THE DATA:
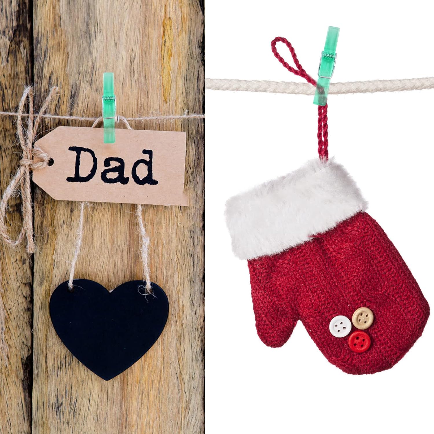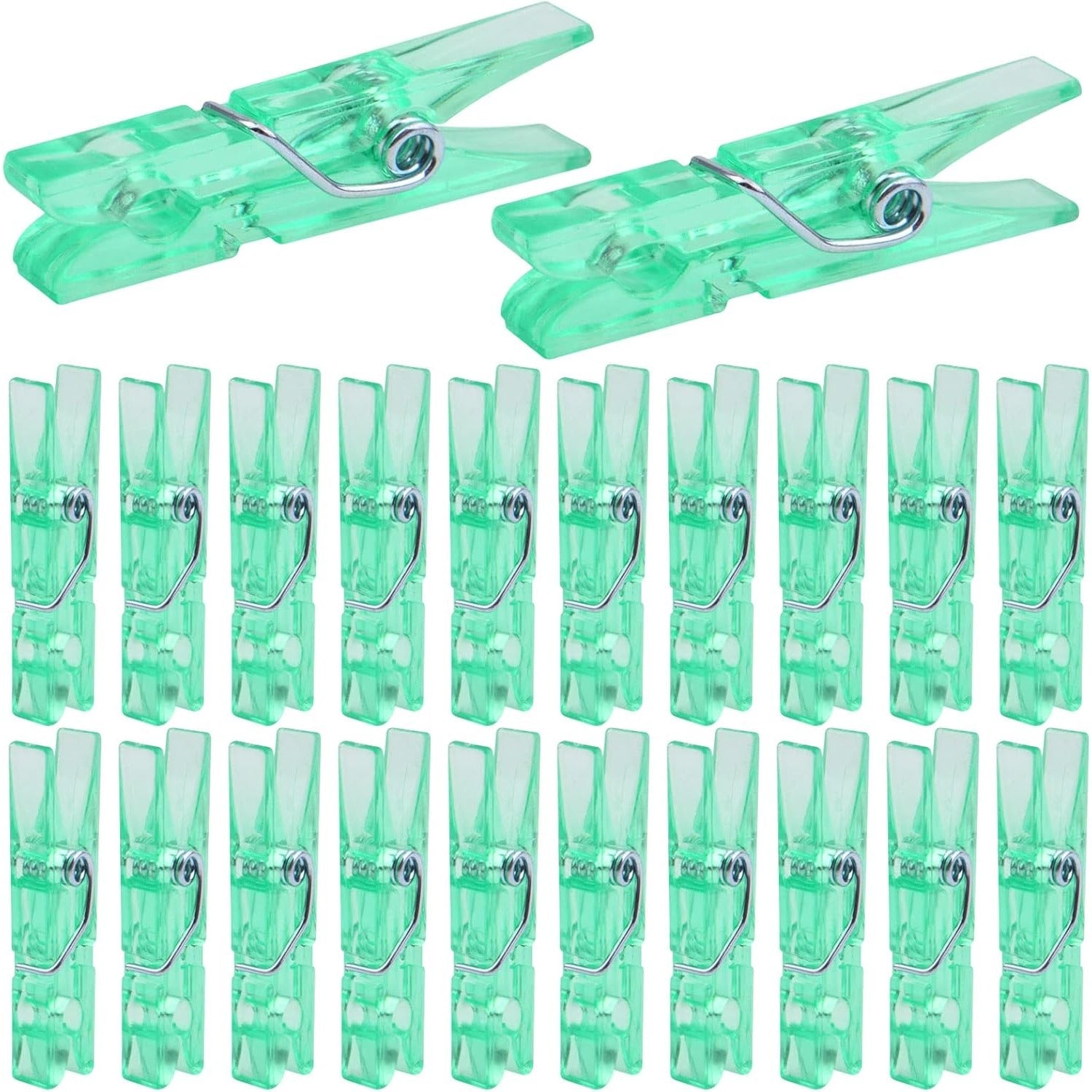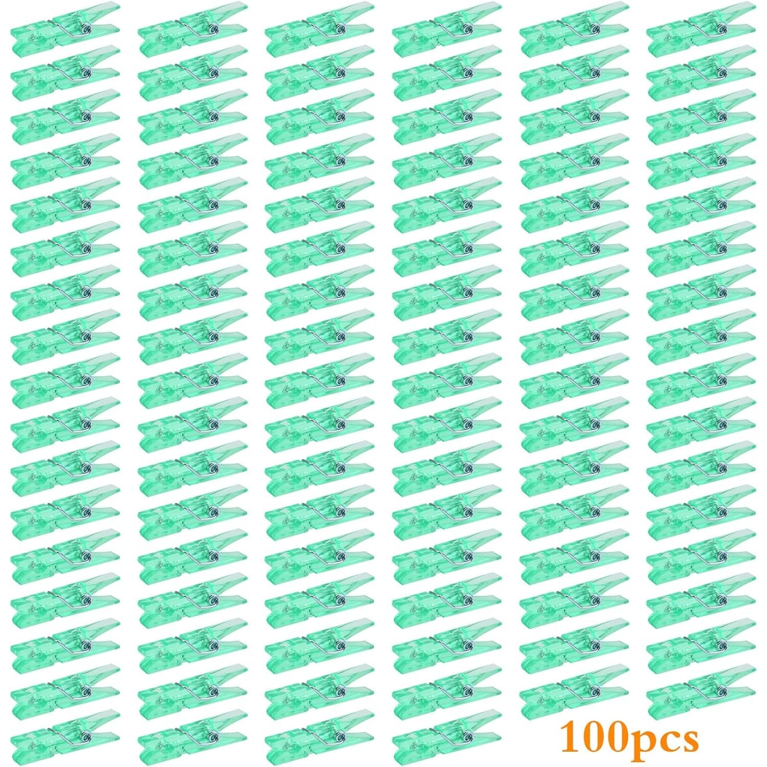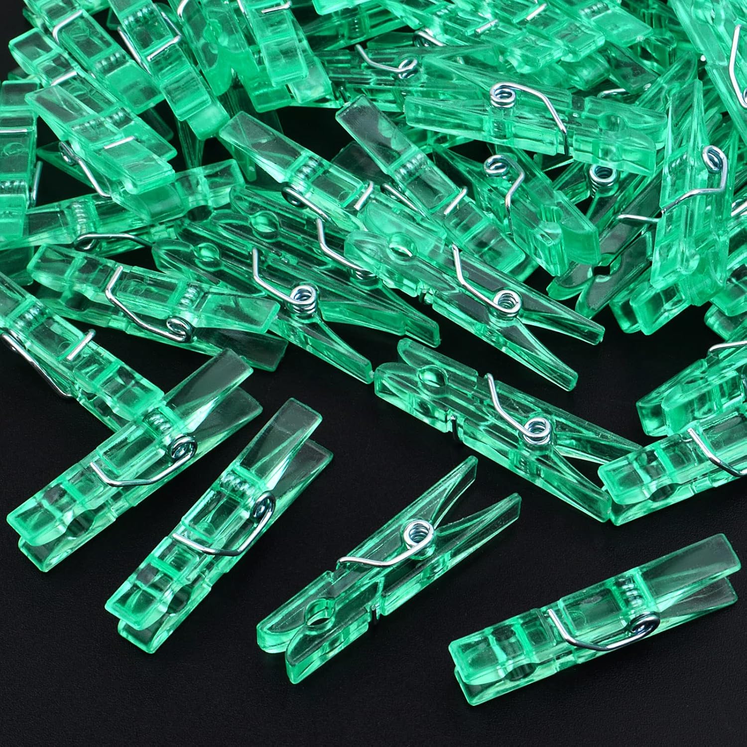 100pcs Green Plastic Clothespins Mini Clear Clips Hanging Pictures Paper Peg Pins for DIY Arts Crafts and Wedding Party Photo Holder Card Decoration, 34 x 7 x 5 mm
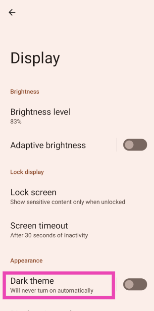 前往設置>顯示並打開“深色模式”的切換開關。如果您想設置其時間表,請點擊黑暗模式。
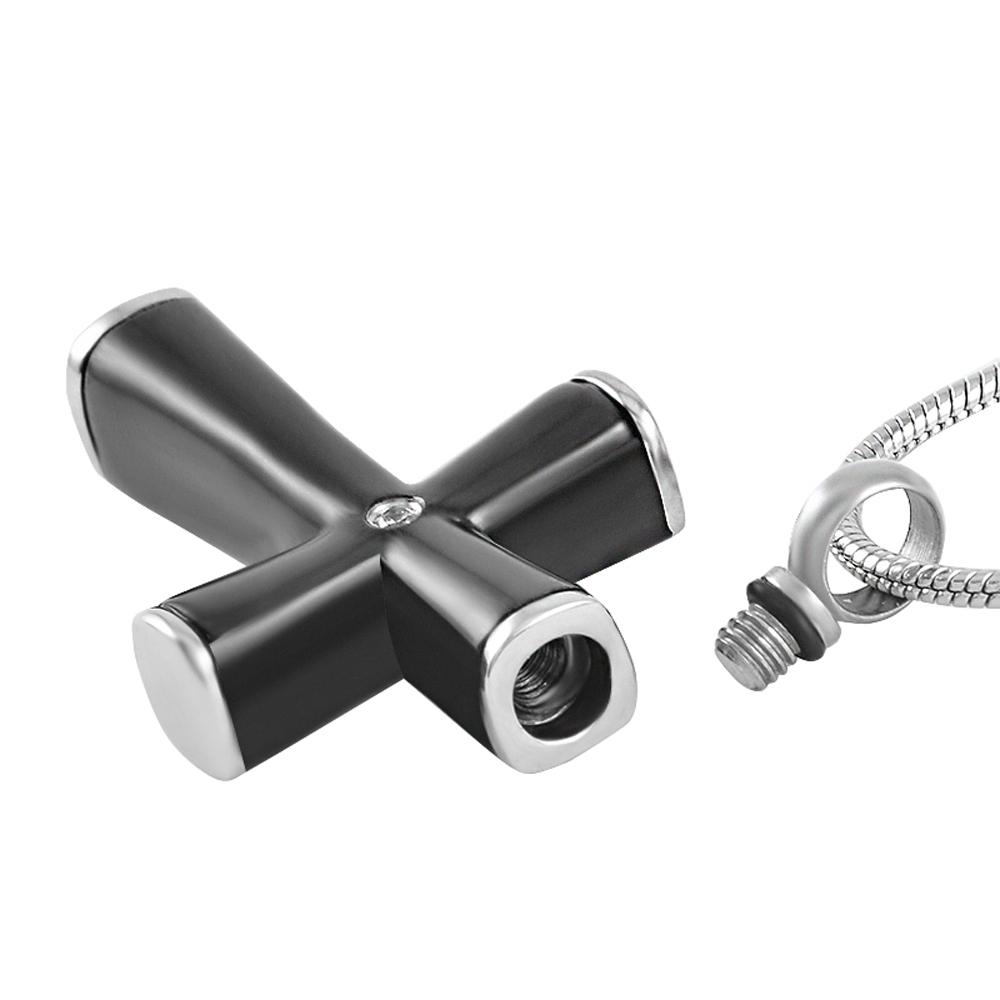 The Black Cross With Gemstone Cremation Urn Necklace is the perfect balance of remembrance and peace. The cross of this ash necklace stands firm as a memento of your loved ones life and work, inspiring respect and admiration.  The gemstone in the center shines brightly forth, catching every ray of light. This necklace fosters a sense of comfort and reflection while holding your loved one close. Remember their deeds, honor their life, and feel their protection with the Black Cross With Gemstone Cremation Urn Necklace.
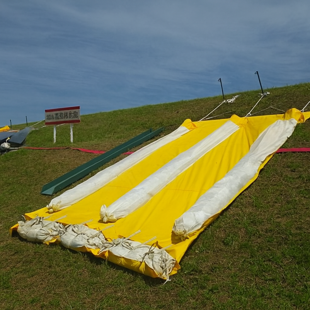 スイボーT型マットで堤防決壊を未然に防ぎます。
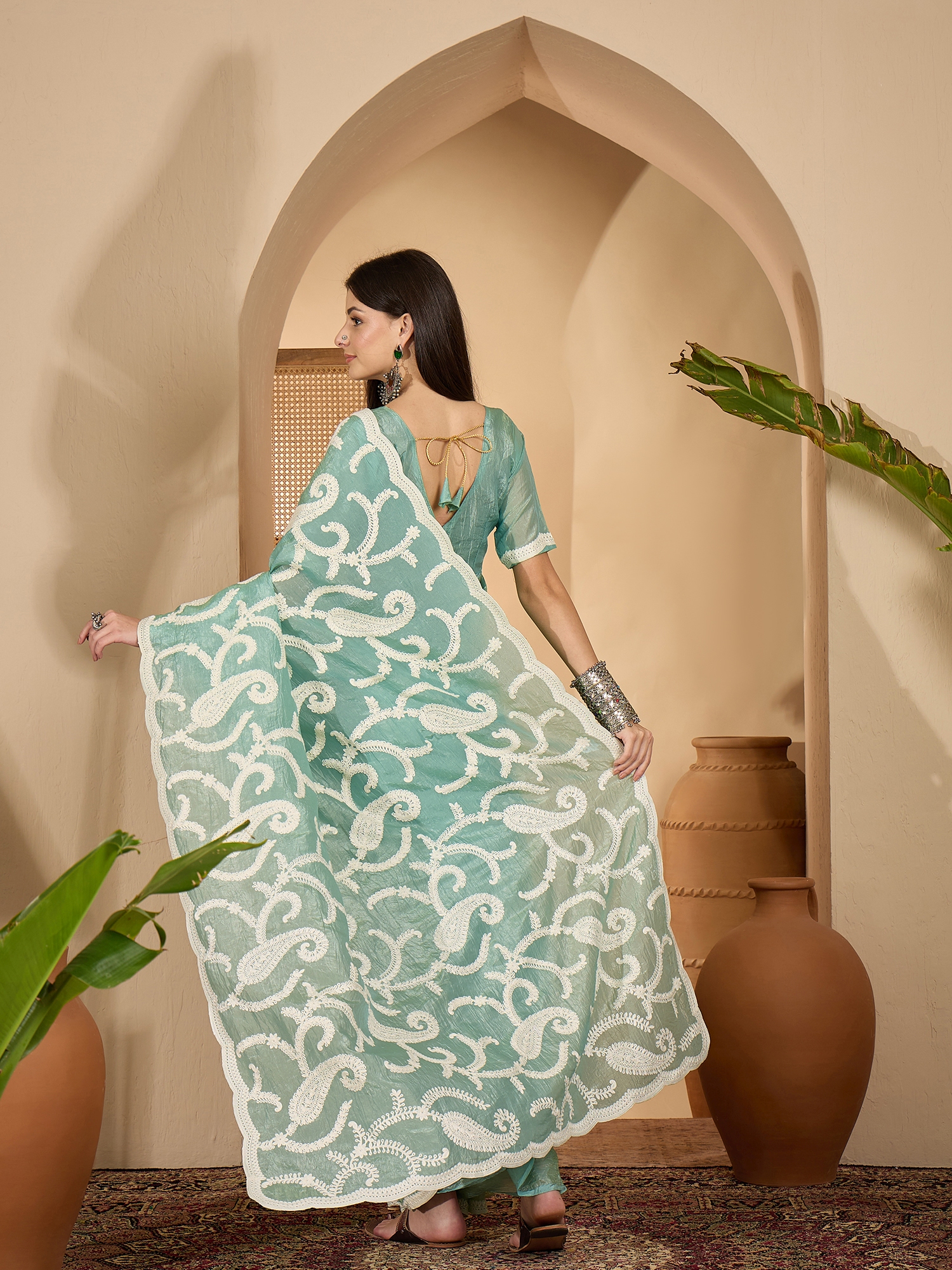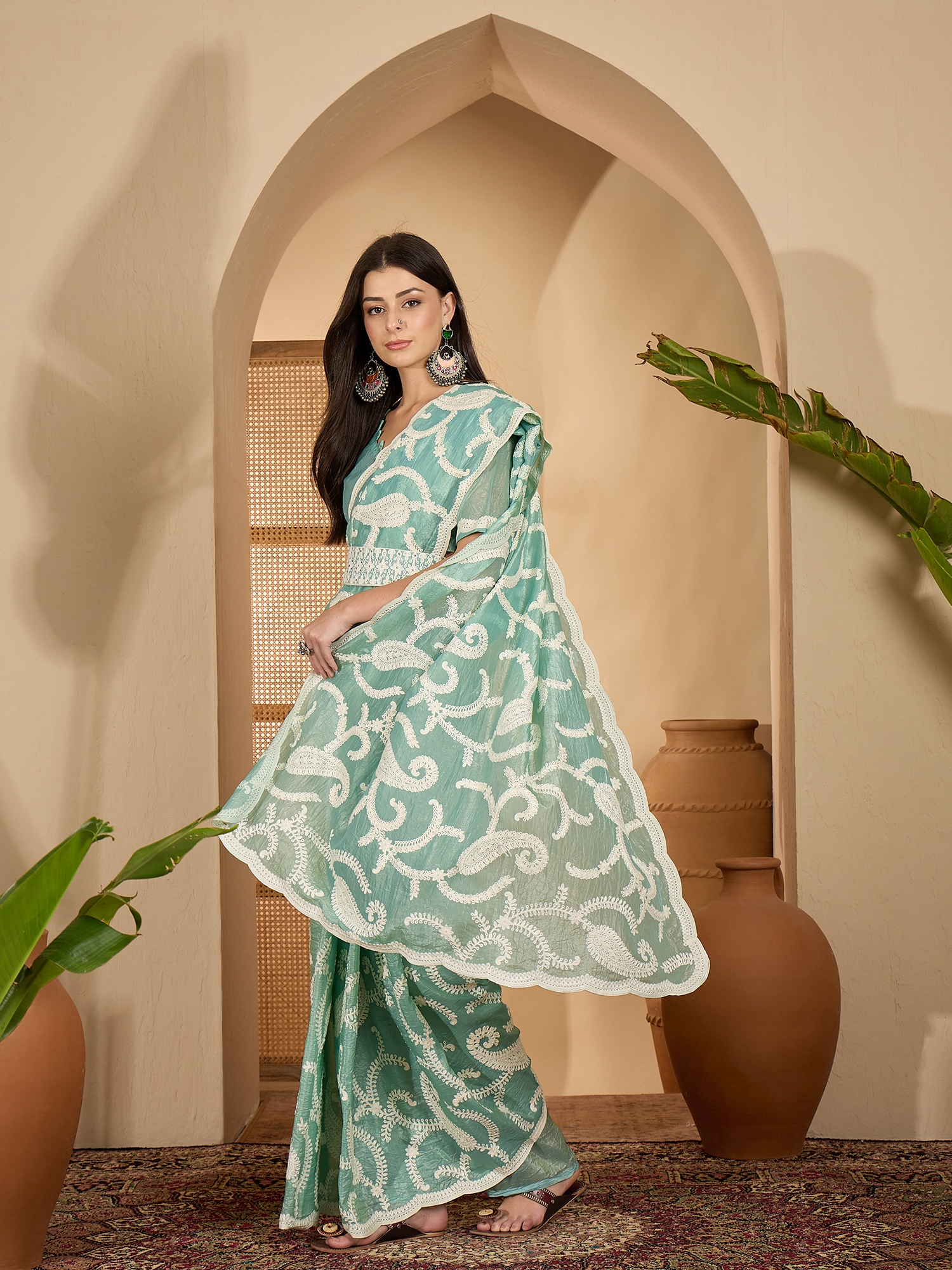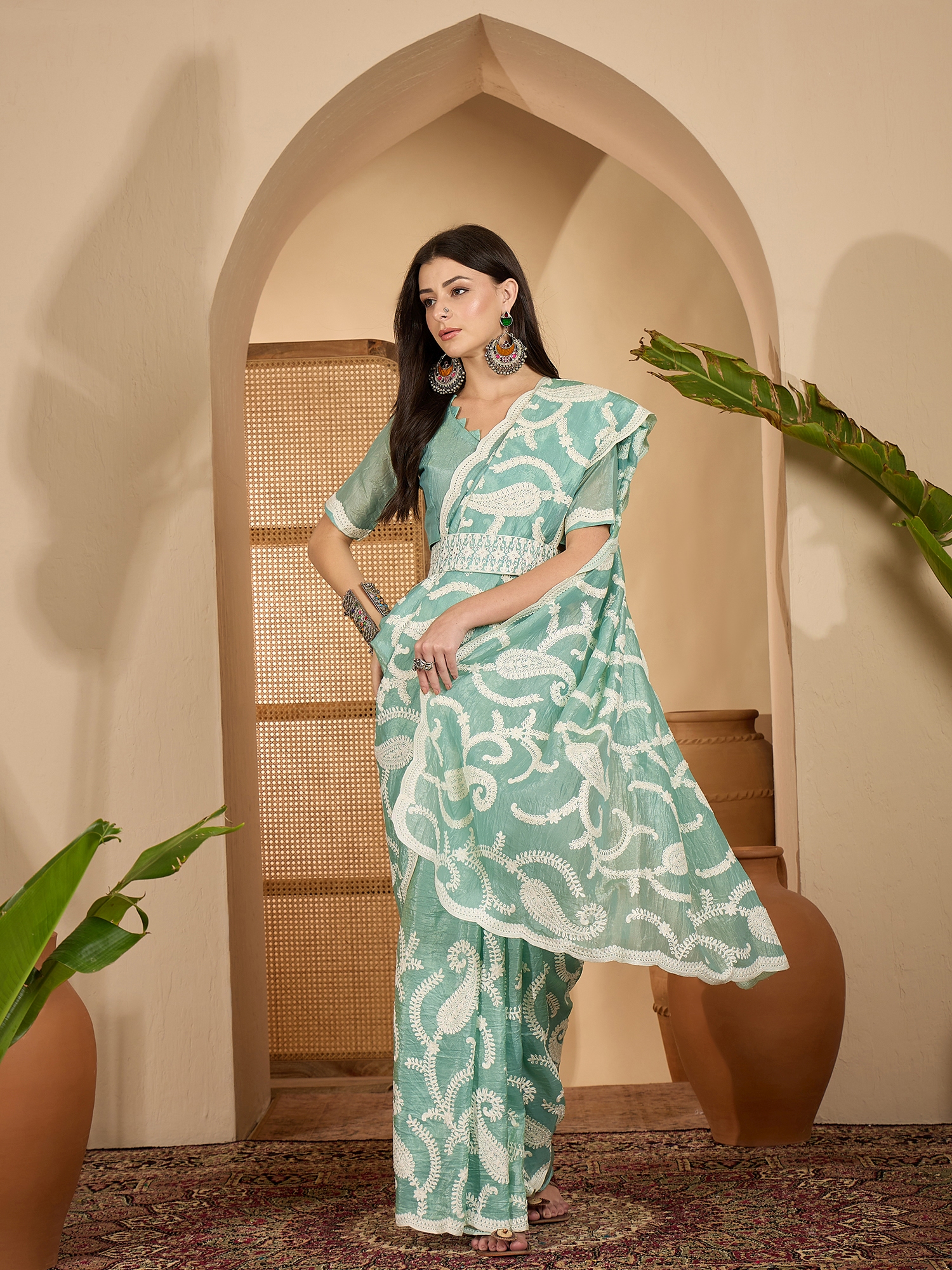 Fashion Dream Womens Green Gold Crush Saree | Soft & Elegant Traditional Wear
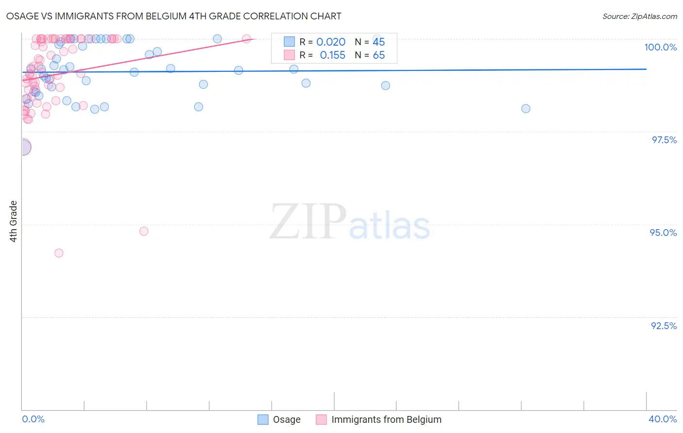 In terms of 4th grade, the demographic groups most similar to Osage are Ukrainian (98.0%, a difference of 0.0%), Immigrants from Netherlands (98.0%, a difference of 0.010%), Cherokee (98.0%, a difference of 0.010%), Immigrants from Lithuania (98.0%, a difference of 0.010%), and Immigrants from England (98.0%, a difference of 0.010%). Similarly, the demographic groups most similar to Immigrants from Belgium are Icelander (98.0%, a difference of 0.010%), Cypriot (97.9%, a difference of 0.010%), Potawatomi (97.9%, a difference of 0.010%), Immigrants from Australia (97.9%, a difference of 0.010%), and Ukrainian (98.0%, a difference of 0.020%).

HOW TO COMPLETE THIS TASK:
Only the lines between the one with "スイボーT型マットで堤防決壊を未然に防ぎます。" and the one with "Fashion Dream Womens", those two included, get copied from the material above. Keep it exact and free of pictures.

OUTPUT OF THE TASK:
 スイボーT型マットで堤防決壊を未然に防ぎます。
 Fashion Dream Womens Green Gold Crush Saree | Soft & Elegant Traditional Wear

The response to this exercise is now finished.